## Materials provided
________

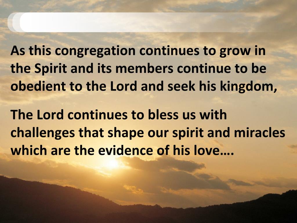 As this congregation continues to grow in the Spirit and its members continue to be obedient to the Lord and seek his kingdom, The Lord continues to bless us with challenges that shape our spirit and miracles which are the evidence of his love….
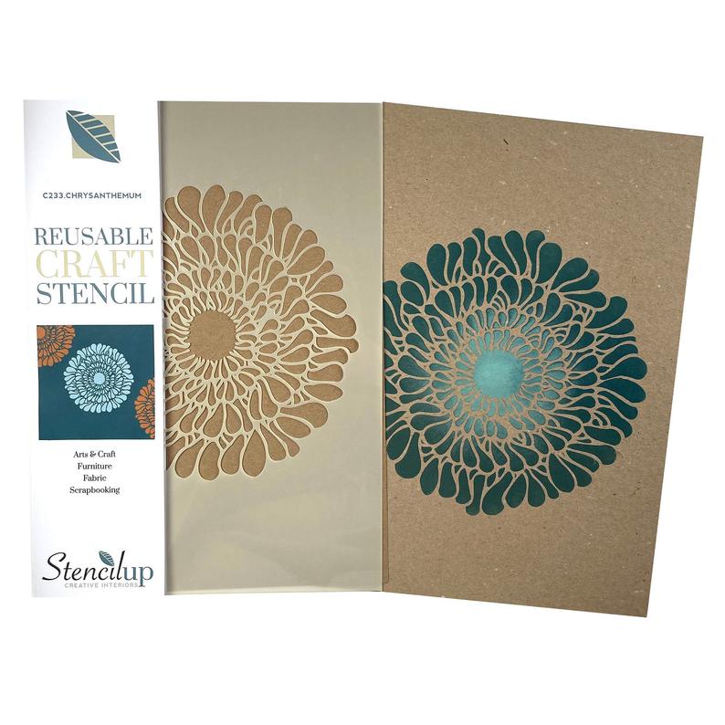 Chrysanthemum stencil for furniture painting or creating floral fabric and other crafts. Craft stencils by StencilUp are easy to use The plastic stencil is reusable and easy to clean. See our store for other floral stencils.
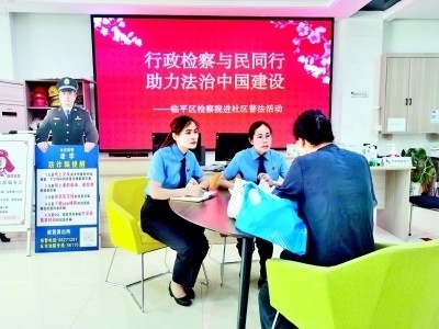 浙江省杭州市臨平區(qū)檢察院進(jìn)社區(qū)開(kāi)展“行政檢察,與民同行”主題普法宣傳活動(dòng),為居民提供法律咨詢服務(wù)。資料圖片
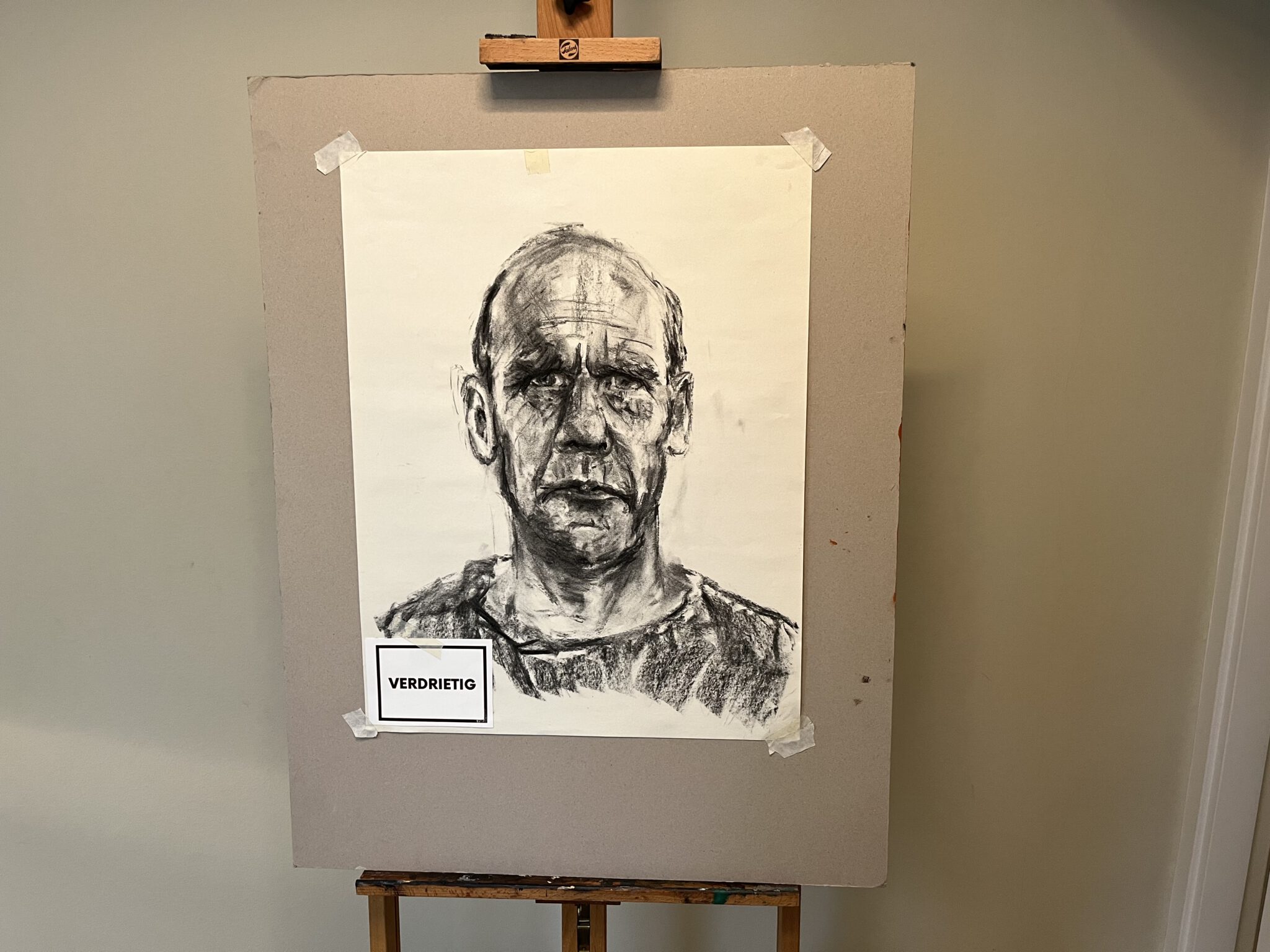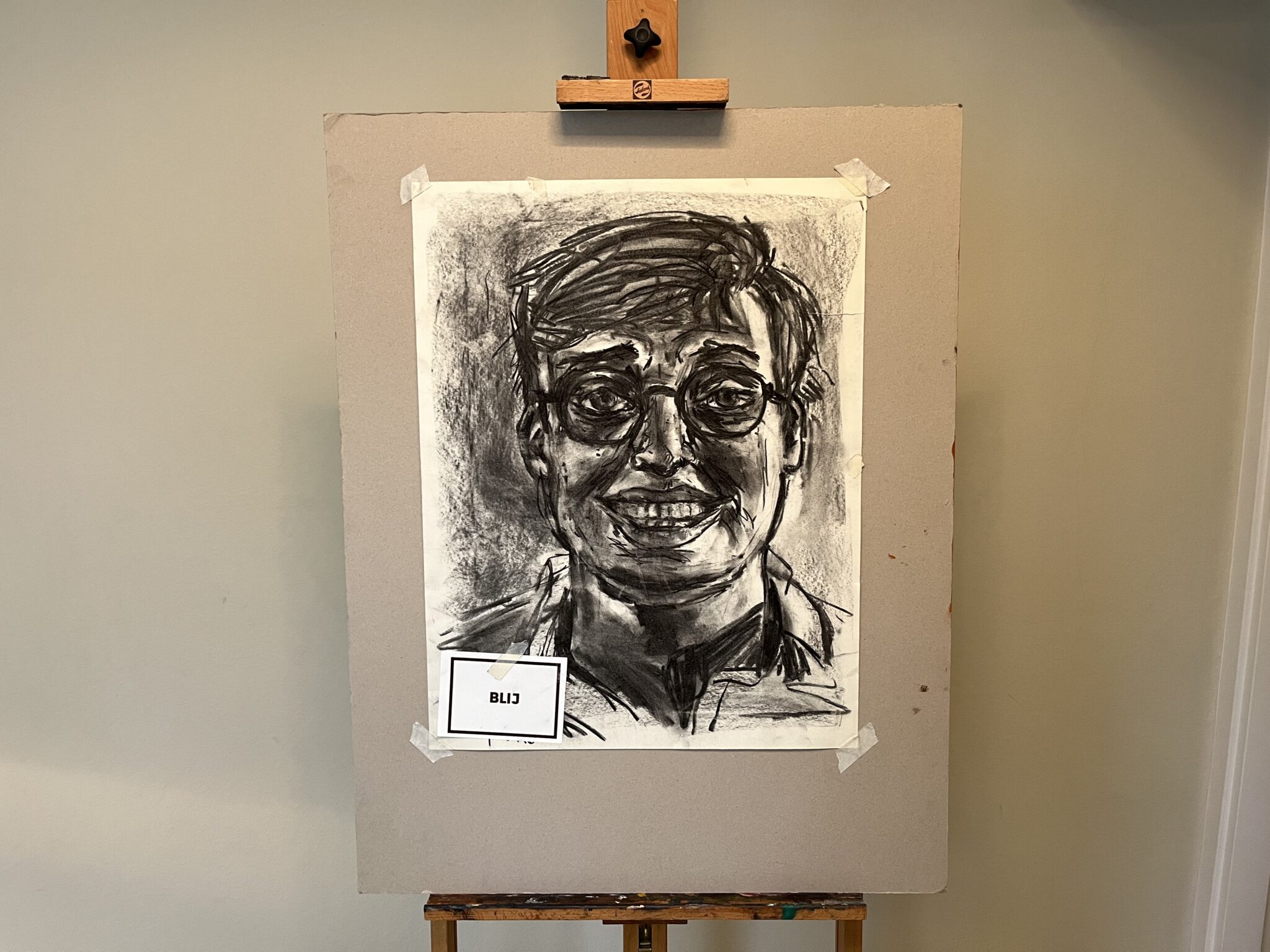 Als openingsopdracht maken alle leerlingen een zelfportret. Elke kandidaat-leerling heeft een envelop gekregen met een gezichtsuitdrukking. Aan de leerlingen de taak om zichzelf met deze uitdrukking te portretteren. Ze werken met houtskool.
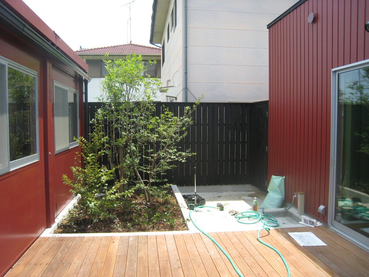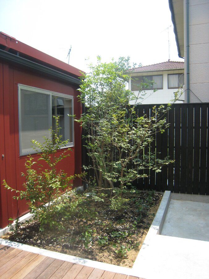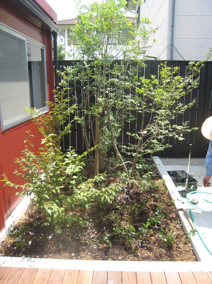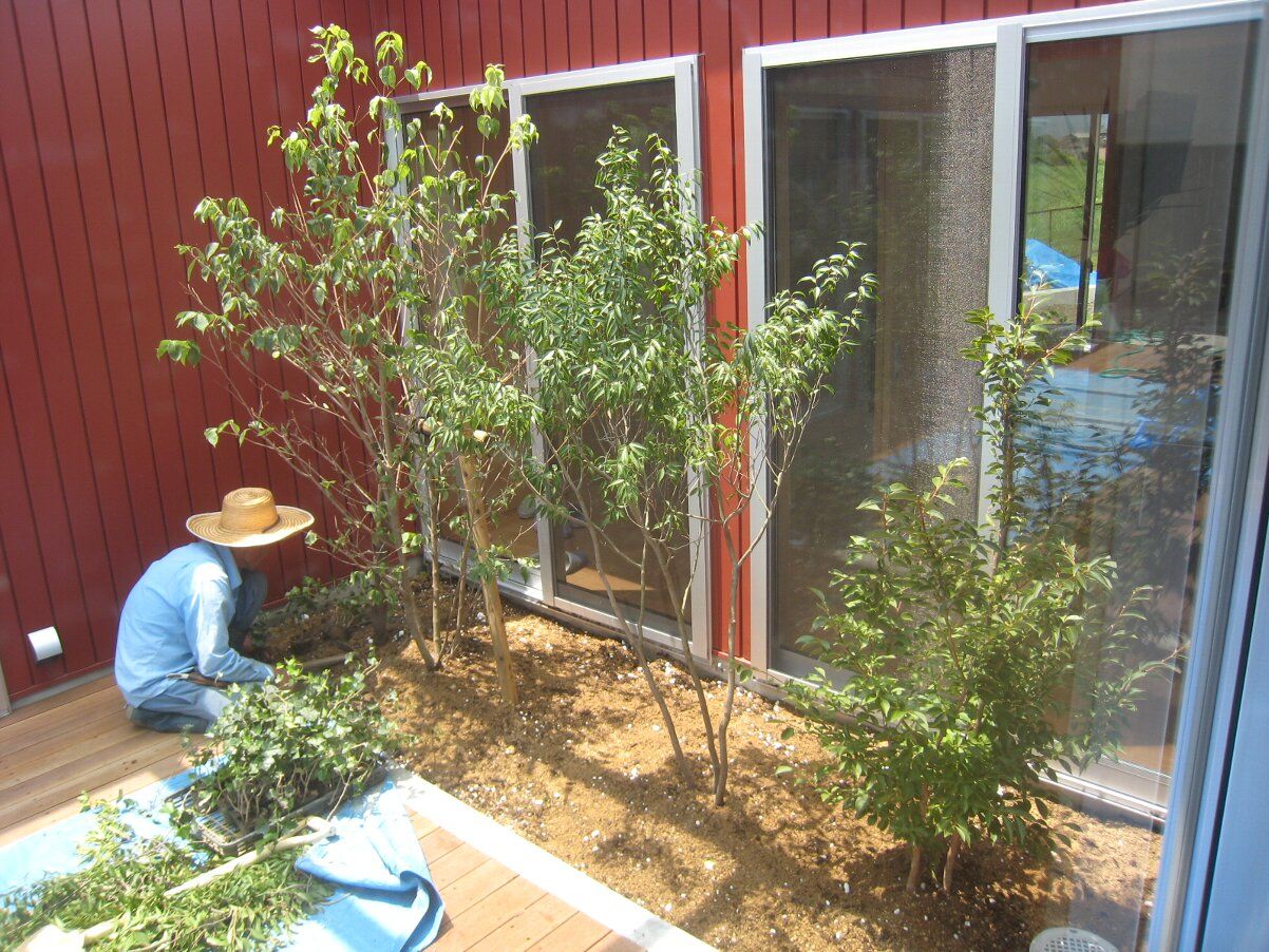 中庭の手前の窓際にはヤマボウシとハイノキとヒメシャラを植え、
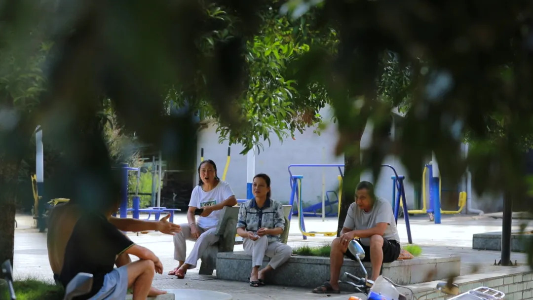 ▲蒋家村村民在娱乐文化广场休闲娱乐
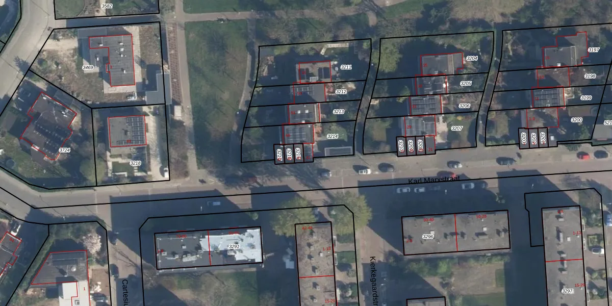 Het perceel waarop Karl Marxstraat 41 staat heeft een oppervlakte van 383 m². Dit is een groot perceel. De perceeloppervlakte wordt geregistreerd door het Kadaster. Gedetailleerde informatie over de maten van dit perceel kunt u vinden in het rapport Kadastrale kaart met maatvoering van Karl Marxstraat 41.
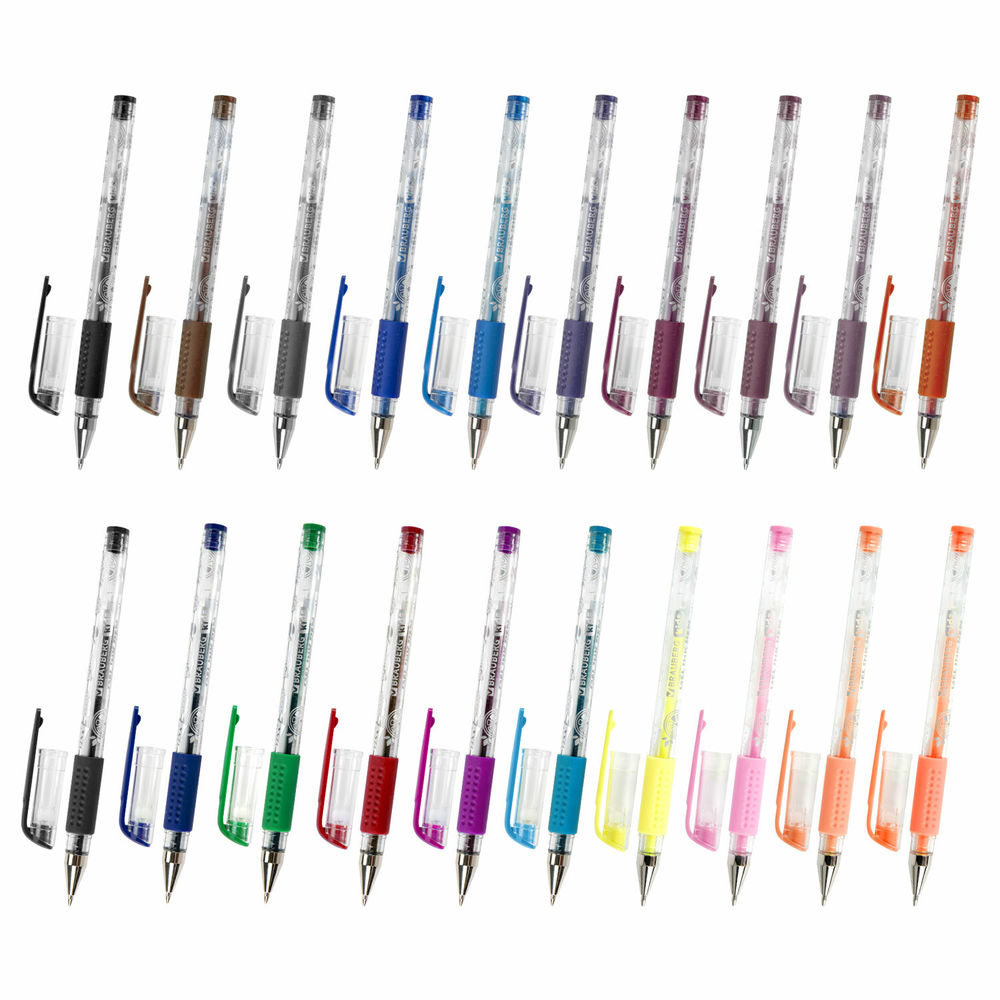 Набор включает 20 гелевых ручек: 5 ручек с классическими чернилами,10 с эффектом металлик, 5 пастельных.
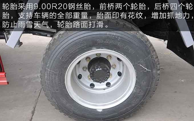 輪胎采用9.00R20鋼絲胎,前橋兩個(gè)輪胎,后橋四個(gè)輪胎,支持車輛的全部重量,胎面印有花紋,使輪胎與地面有更好的附著性能,增加抓地力,防止雨雪天氣,輪胎路面打滑。東風(fēng)多利卡D9吸污車標(biāo)配一條備胎,安置在大梁尾部,拿取方便。節(jié)省空間的同時(shí)也便于及時(shí)更換,保障了行車過程中出現(xiàn)爆胎等特殊情況時(shí),也能輕松從容應(yīng)對。
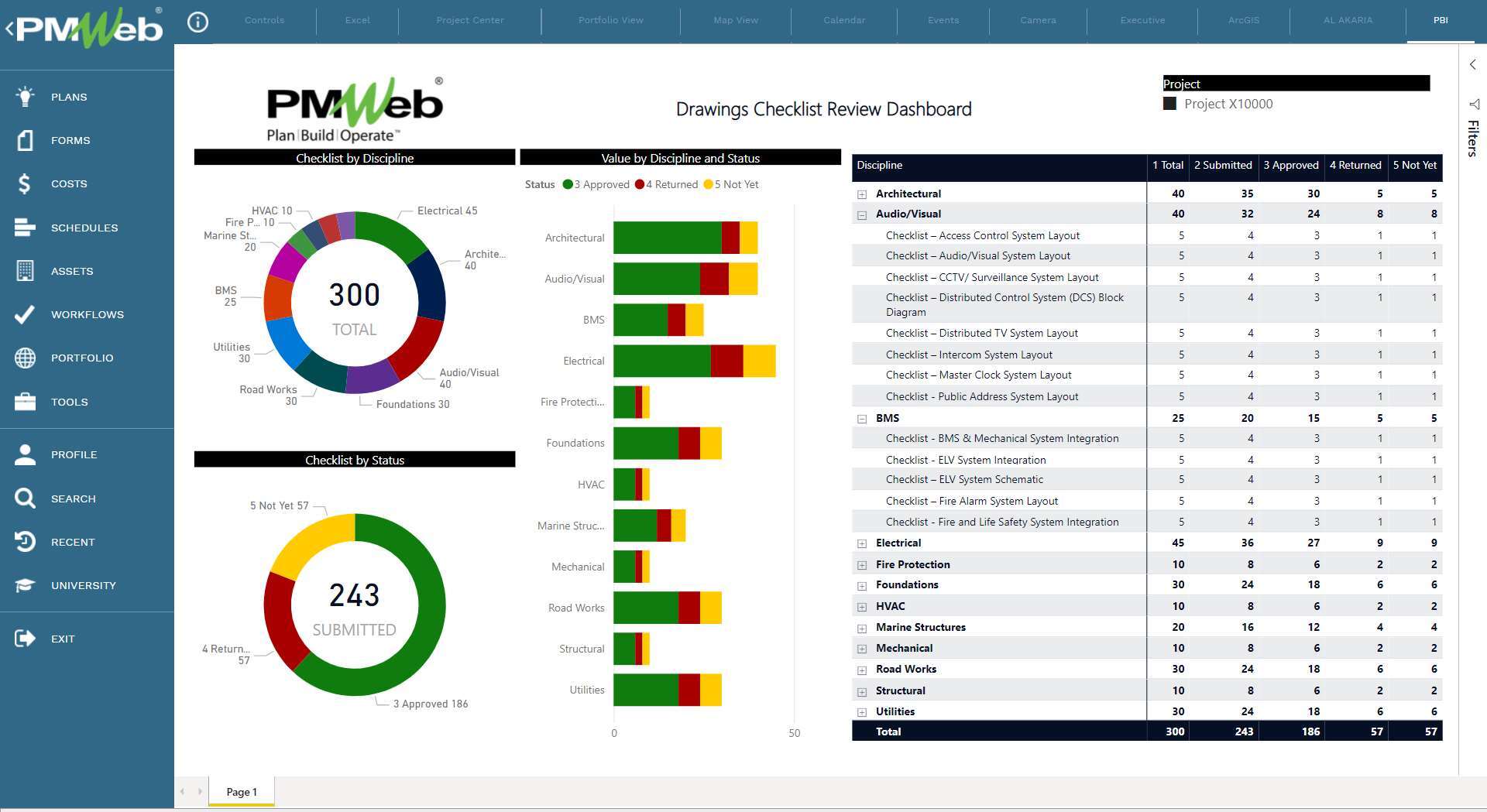The drawing review dashboard provides real-time reporting on planned, current, and completed reviews. The dashboard provides a donut visual to summarize the total number of drawing review checklists by discipline and another donut visual to summarize the total number of submitted drawing review checklists by status. The dashboard includes a bar chart that displays the status drawing review checklists by discipline. In addition, the dashboard includes a table detailing all design review checklists and their status. The table summarizes the design review checklists by discipline.
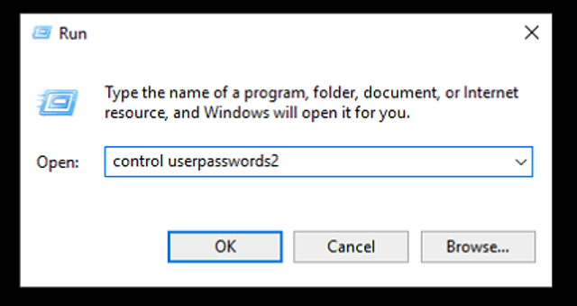 In the Run prompt, enter control userpasswords2 and click OK.
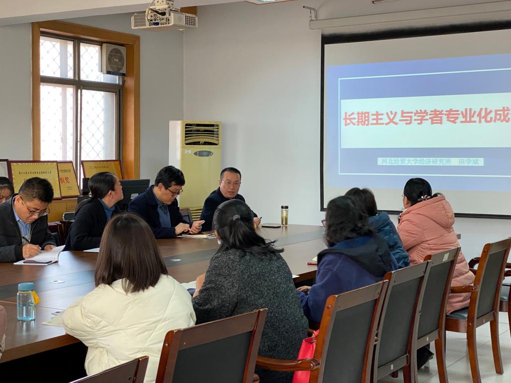 经济研究所所长、京津冀一体化发展协同创新中心专职副主任田学斌教授在学院会议室作题为“长期主义与学者专业化成长”的学术讲座,学院部分教师及研究生共50余人到场聆听。
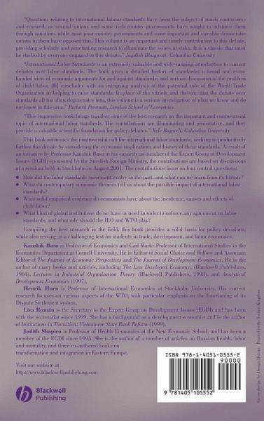 This book addresses the controversial call for international labor standards, seeking to productively further this debate by considering the economic implications and history of these standards. A result of an initiative by Professor Kaushik Basu in his capacity as member of the Expert Group of Development Issues (EGDI) sponsored by the Swedish Foreign Ministry, the contributions are based on discussions at a seminar held in Stockholm in August 2001. They focus on four central questions: * How did the labor standards movement evolve in the past, and what can we learn from its history? * What do contemporary economic theories tell us about the possible impact of international labor standards? * What solid empirical evidence do economists have about the incidence, causes and effects of child labor? * What kind of global institutions do we have or need in order to enforce any agreement on labor standards, and what role should the ILO and WTO play? Compiling the best research in the field, this book provides a solid basis for policy decisions, while also serving as a challenging text for students in trade, development, and labor economics.
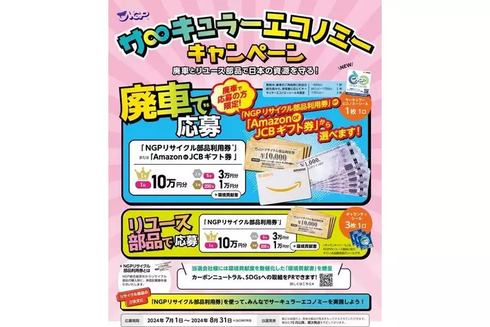 キャンペーンは、廃車の提供やリサイクル部品の利用に応じて応募できるものとしており、NGPの組合員に車両を提供していただくことで、リサイクル部品と鉄・銅・アルミ・プラスチックなどの資源が国内で循環し、サーキュラーエコノミーにも貢献できるという新たな価値の提供や、環境にやさしいNGPリサイクル部品をこれまで以上に訴求するために、賞品に「NGPリサイクル部品利用券」を設定いたしました。

________

## Aim of the exercise
Within the listing above, the lines from the one with "The drawing review" through the one with "经济研究所所长、京津冀一体化" are to be given again word for word. Do not include pictures.

## Answer to this task
The drawing review dashboard provides real-time reporting on planned, current, and completed reviews. The dashboard provides a donut visual to summarize the total number of drawing review checklists by discipline and another donut visual to summarize the total number of submitted drawing review checklists by status. The dashboard includes a bar chart that displays the status drawing review checklists by discipline. In addition, the dashboard includes a table detailing all design review checklists and their status. The table summarizes the design review checklists by discipline.
 In the Run prompt, enter control userpasswords2 and click OK.
 经济研究所所长、京津冀一体化发展协同创新中心专职副主任田学斌教授在学院会议室作题为“长期主义与学者专业化成长”的学术讲座,学院部分教师及研究生共50余人到场聆听。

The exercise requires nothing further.